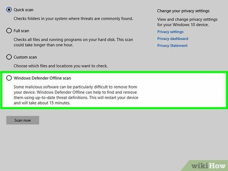 Thực hiện chế độ quét ngoại tuyến của Windows Defender.
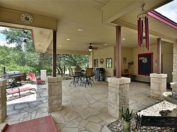 This unique property offers gated access in a private acreage community only minutes to schools and shopping in Burnet. Perched on a ridge, the home enjoys a panoramic view of the rolling Hill Country. Enjoy breathtaking sunsets from your expansive limestone courtyard patio surrounded by beautiful oaks trees. The home has had renovations and is beautifully appointed with original hardwood floors, open kitchen with granite island, separate dining room, living room and great room with custom bar for entertaining as well as spacious guest bedrooms connected by jack and jill bathroom. The detached, over-sized garage provides lots of workshop and storage space, and is connected by limestone pathway through majestic iron passage gate.
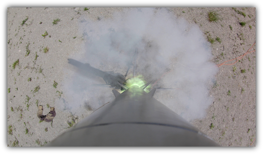 The Falcon 5 is scratch built with a 4" diameter and a length of 7'8", weighing 8 lbs. it is loaded here with an Aerotech J500 Green.

#####

> _AIM OF THE EXERCISE_
Please print the data above once more, exactly and without images.

> _EXERCISE RESULT_
 Thực hiện chế độ quét ngoại tuyến của Windows Defender.
 This unique property offers gated access in a private acreage community only minutes to schools and shopping in Burnet. Perched on a ridge, the home enjoys a panoramic view of the rolling Hill Country. Enjoy breathtaking sunsets from your expansive limestone courtyard patio surrounded by beautiful oaks trees. The home has had renovations and is beautifully appointed with original hardwood floors, open kitchen with granite island, separate dining room, living room and great room with custom bar for entertaining as well as spacious guest bedrooms connected by jack and jill bathroom. The detached, over-sized garage provides lots of workshop and storage space, and is connected by limestone pathway through majestic iron passage gate.
 The Falcon 5 is scratch built with a 4" diameter and a length of 7'8", weighing 8 lbs. it is loaded here with an Aerotech J500 Green.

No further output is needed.